Второй признак “неподвижного”, или “стационарного”, состояния по Смиту – пышная коррупция и монопольное право элиты по собственному усмотрению распоряжаться правовой и административной системами:
В этой стране, где богатые люди и обладатели крупных капиталов пользуются почти полной неприкосновенностью, а бедняки или обладатели мелких капиталов совсем ею не пользуются, но в любое время подвергаются, под предлогом отправления правосудия, грабежам со стороны низших мандаринов, в такой стране количество капитала, вложенного во все различные отрасли ее торговли и промышленности, никогда не может достичь тех размеров, которые допускаются характером и объемом последних. В каждой отдельной отрасли притеснение бедных должно создать монополию богатых, которые, захватывая в свои руки всю торговлю, могут получать очень большую прибыль {16} .
16
Ibid. Ch. 9.
Думаю, читателю эта картина покажется знакомой.
Конечно, к моменту выхода “Богатства народов” (1776) Китай (прежде одна “из самых богатых, то есть наиболее плодородных, лучше всего обрабатываемых, наиболее трудолюбивых и самых населенных” стран) уже давно пребывал в состоянии застоя. Смит винит в этом негодные “законы и учреждения”, в том числе бюрократический аппарат. Больше свободы для торговли и малого бизнеса, меньше бюрократии и кланового капитализма – вот предложенный Смитом рецепт от спячки. В конце XVIII века он видел плоды реформ, ожививших экономику Британских островов и американских колоний Великобритании. Но сейчас Смит отметил бы поразительные перемены: Запад в состоянии застоя, зато Китай развивается быстрее любой из развитых стран мира. Фортуна отвернулась от нас.

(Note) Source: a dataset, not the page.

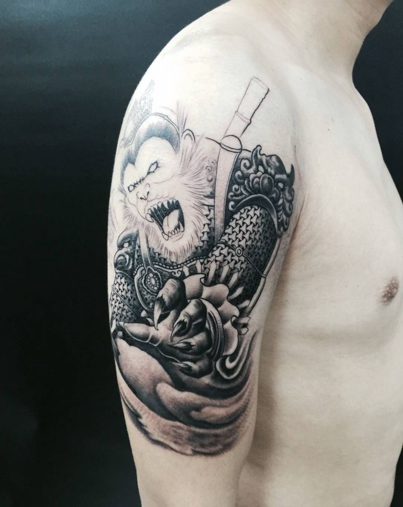 放肆桀骜纹身图片_成品手臂传统宗教齐天大圣纹身图案

Эта книга – о причинах застоя Запада. Я исхожу, как и Смит, из того, что и стагнация, и развитие – во многом продукт “законов и учреждений”, а главный мой тезис таков: описание Китая времен Смита во многом применимо к нам. Проблема в наших собственных “законах и учреждениях”. Великая рецессия – лишь симптом Великого вырождения.
Четыре ящика
Я намерен показать, что западные институты выродились, и с этой целью открою несколько уже давно замкнутых ящиков с ярлыками “Демократия”, “Капитализм”, “Верховенство права” и “Гражданское общество”. Это основные элементы нашей цивилизации. В ящиках чрезвычайно сложные комплексы взаимосвязанных институтов. Подобно печатным платам компьютера или смартфона, институты заставляют агрегат работать. А если он работать отказывается, то, вероятно, один из элементов-институтов вышел из строя. Глядя на блестящий корпус, невозможно понять, в чем проблема. Придется снять крышку.
Я допускаю, что сравнение с электроникой неверно: ведь большинство институтов – плоды органического, постепенного развития и их не “изобрел” какой-нибудь прозорливец вроде Стива Джобса. Возможно, более уместное сравнение отыщется в природе. Пчелиный улей – вот хрестоматийный пример. Со времени публикации книги Бернарда Мандевиля “Басня о пчелах, или Частные пороки – общественные выгоды” (1714) люди сравнивали участников рыночной экономики с пчелами в улье. Как мы увидим, параллель эта довольно верна, хотя применима она скорее к политической, а не экономической жизни (Мандевиль это хорошо понимал). Институт для людей – примерно то же, что ульи для пчел: корпус, внутри которого мы образуем группы. И так же, как вы чувствуете присутствие институтов, так и пчела прекрасно понимает, когда она находится в улье, а когда нет. У институтов есть рамки, нередко – стены. А также – в первую очередь – правила.
Некоторым читателям слова “заведение”, “учреждение” (institution) напомнят, вероятно, о викторианских домах умалишенных. (“Бедолага Ниал угодил в заведение”.) Так вот, я говорю не о них, а о политических институтах наподобие Конгресса США или английского Парламента. Рассуждая о демократии, мы подразумеваем ряд взаимосвязанных институтов. Да, люди бросают бумажки в урны для голосования. Да, они избирают депутатов – ораторствующих и голосующих в больших красивых залах. Однако все это еще не означает демократию. Депутатов в странах вроде России или Венесуэлы также будто бы избирают, однако никому из беспристрастных наблюдателей (не говоря уже о лидерах местной оппозиции) не приходит в голову называть Россию или Венесуэлу демократическими странами.